● **To do**
Images are to be left out; everything else in the listing should be repeated exactly.
——————
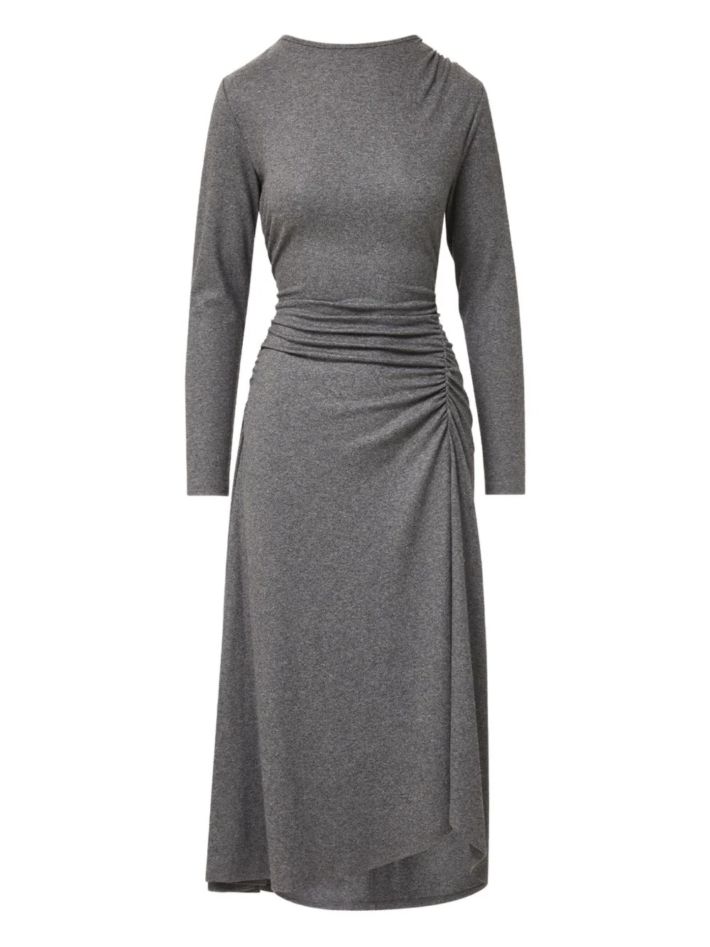 Theodora midi dress Highlights - Medium heather grey - Round neck - Long sleeves - Gathered detail - Asymmetric hem Made in Italy Composition Wool 39%, Polyester 29%, Viscose 29%, Elastane 3% Washing instructions Dry Clean Only
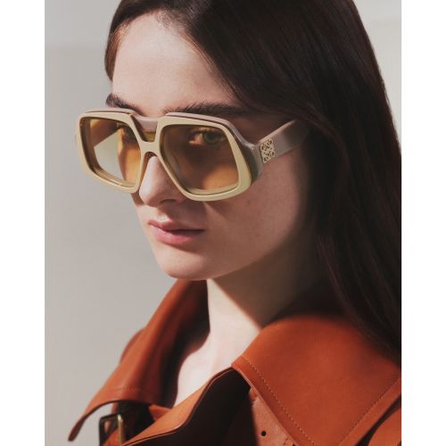 Deze stoere en uitgesproken zonnebril van LOEWE is een echte eyecatcher. Met zijn krachtige lijnen en iconische Anagram-details op de veren valt hij meteen op.
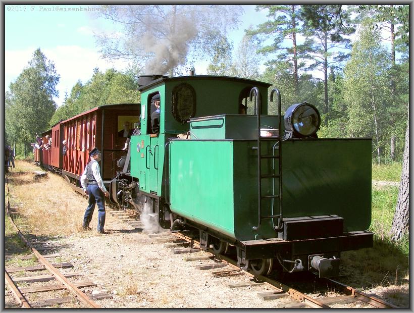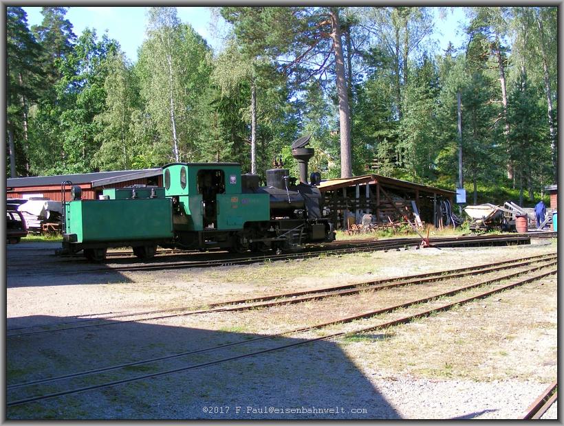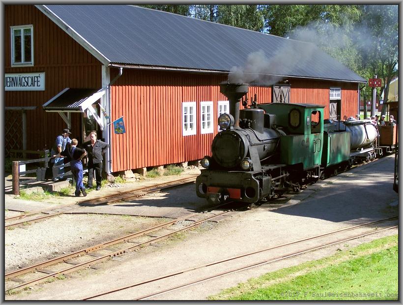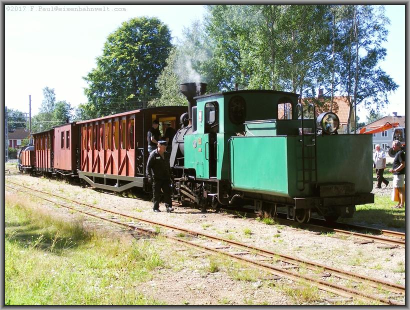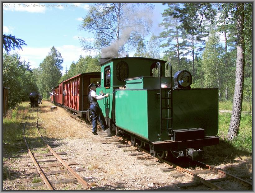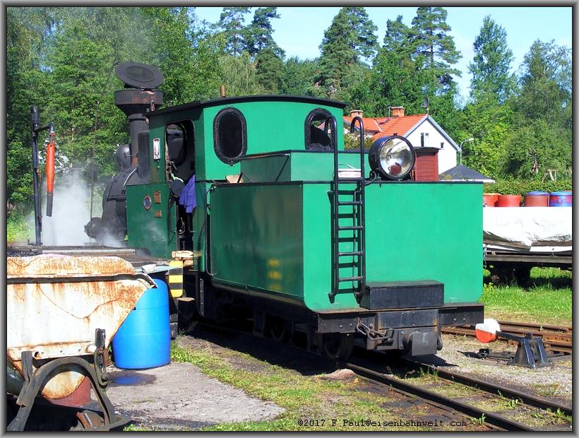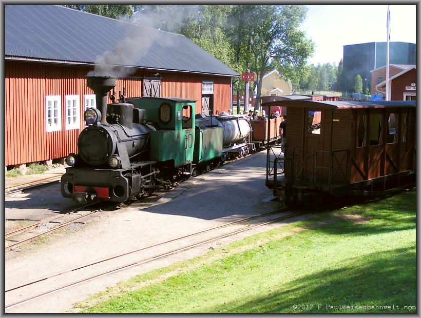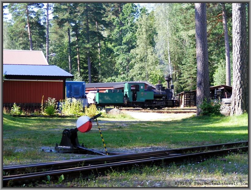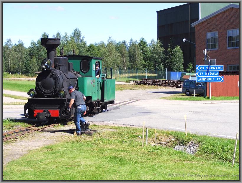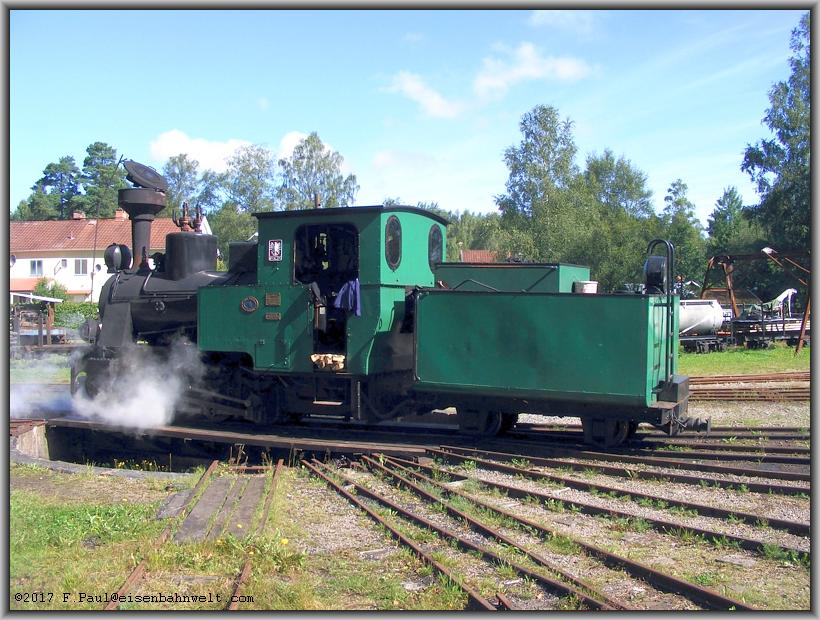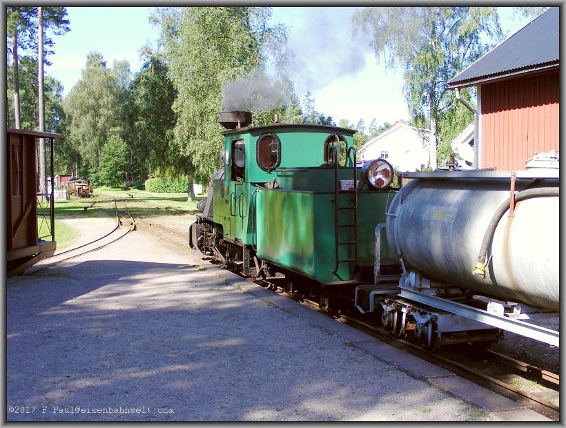 Viel Platz gibt es in Schweden! Dann ist die Weiche umgestellt und einer Umfahrung des Wagenzuges steht nichts mehr im Wege. Gemächlich verschwindet die Dampflok
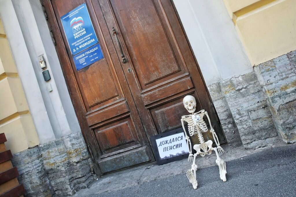 В Питере у офиса «Единой России» положили скелет с надписью «Дождался пенсии»
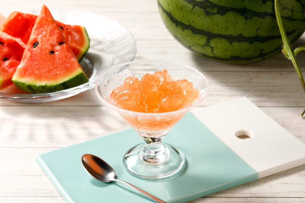 千葉県富里市で採れた”富里スイカ”のピューレを使用し、ほぐれるような食感で、酸味と甘味のバランスの良いゼリーに仕上げました。
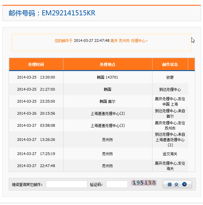 然后就可以通过EMS官网去查询EMS单号,看看物流情况了:
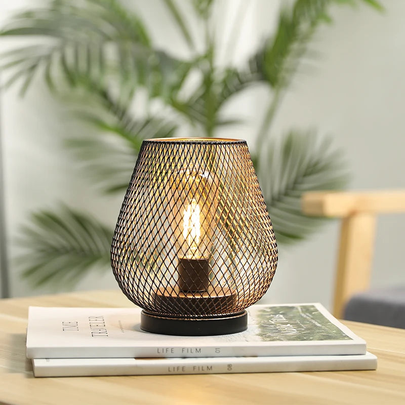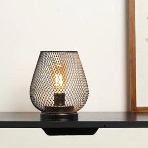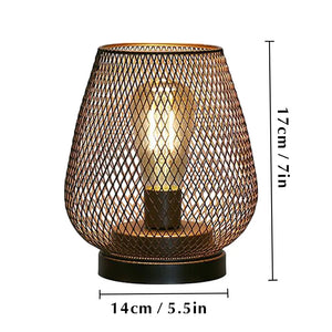 Industriele tafellamp op batterij met warme LED-verlichting en metalen gaasdesign
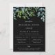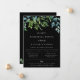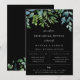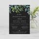Arreglos modernos de vegetación acuarela botánica en tonos de verde y azul, invitación a la cena de ensayo. Diseño de tipografía chic y moderno. El fondo presenta un color negro clásico sólido.
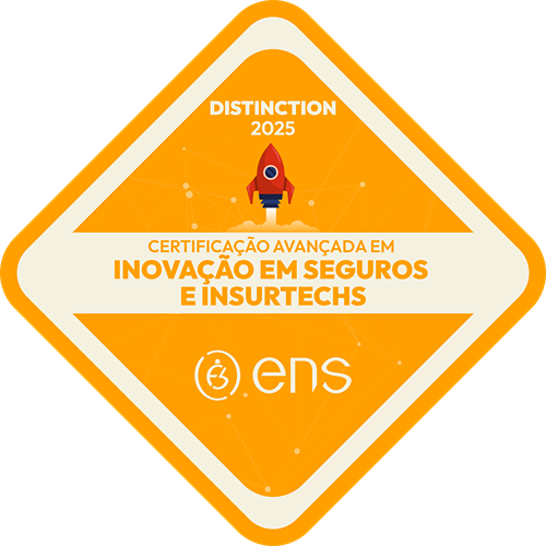 Ao concluir a Certificação Avançada: Inovação em Seguros e Insurtechs, você conquista mais do que conhecimento de ponta: recebe a Badge ENS Distinction, um selo digital exclusivo que comprova sua formação avançada e visão estratégica no ecossistema de inovação do setor segurador.
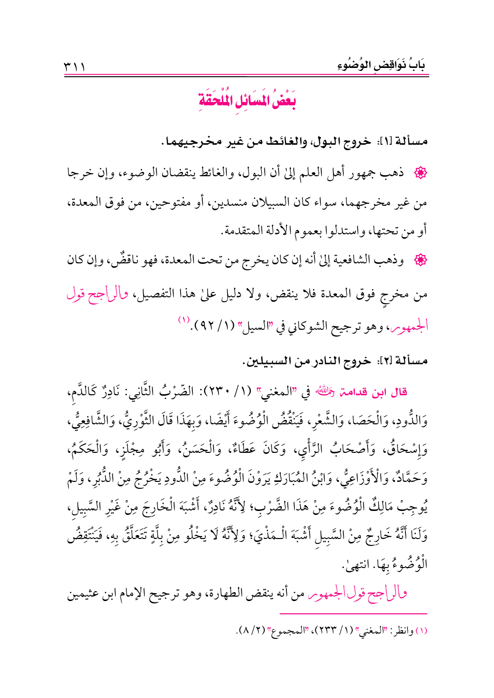 • وذهب الشافعية إلى أنه إن كان يخرج من تحت المعدة، فهو ناقضٌ، وإن كان من مخرجٍ فوق المعدة فلا ينقض، ولا دليل على هذا التفصيل، والراجح قول الجمهور، وهو ترجيح الشوكاني في «السيل» (١/ ٩٢). (¬١)
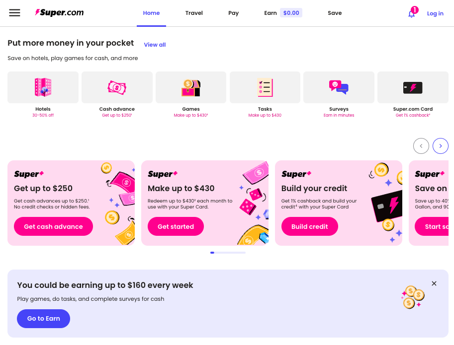 In addition to savings on products and travel, Super.com provides financial solutions tailored to help users manage their money effectively. With tools for budgeting, credit building, and loan options, Super.com is there to support you on your financial journey, offering guidance and options designed to fit your goals.
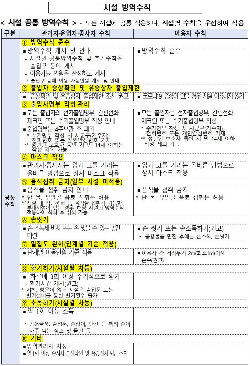 위반사례가 발생하지 않도록 방역지침을 철저히 준수하여 주시기 바랍니다.
——————
● **Written solution**
 Theodora midi dress Highlights - Medium heather grey - Round neck - Long sleeves - Gathered detail - Asymmetric hem Made in Italy Composition Wool 39%, Polyester 29%, Viscose 29%, Elastane 3% Washing instructions Dry Clean Only
 Deze stoere en uitgesproken zonnebril van LOEWE is een echte eyecatcher. Met zijn krachtige lijnen en iconische Anagram-details op de veren valt hij meteen op.
 Viel Platz gibt es in Schweden! Dann ist die Weiche umgestellt und einer Umfahrung des Wagenzuges steht nichts mehr im Wege. Gemächlich verschwindet die Dampflok
 В Питере у офиса «Единой России» положили скелет с надписью «Дождался пенсии»
 千葉県富里市で採れた”富里スイカ”のピューレを使用し、ほぐれるような食感で、酸味と甘味のバランスの良いゼリーに仕上げました。
 然后就可以通过EMS官网去查询EMS单号,看看物流情况了:
 Industriele tafellamp op batterij met warme LED-verlichting en metalen gaasdesign
Arreglos modernos de vegetación acuarela botánica en tonos de verde y azul, invitación a la cena de ensayo. Diseño de tipografía chic y moderno. El fondo presenta un color negro clásico sólido.
 Ao concluir a Certificação Avançada: Inovação em Seguros e Insurtechs, você conquista mais do que conhecimento de ponta: recebe a Badge ENS Distinction, um selo digital exclusivo que comprova sua formação avançada e visão estratégica no ecossistema de inovação do setor segurador.
 • وذهب الشافعية إلى أنه إن كان يخرج من تحت المعدة، فهو ناقضٌ، وإن كان من مخرجٍ فوق المعدة فلا ينقض، ولا دليل على هذا التفصيل، والراجح قول الجمهور، وهو ترجيح الشوكاني في «السيل» (١/ ٩٢). (¬١)
 In addition to savings on products and travel, Super.com provides financial solutions tailored to help users manage their money effectively. With tools for budgeting, credit building, and loan options, Super.com is there to support you on your financial journey, offering guidance and options designed to fit your goals.
 위반사례가 발생하지 않도록 방역지침을 철저히 준수하여 주시기 바랍니다.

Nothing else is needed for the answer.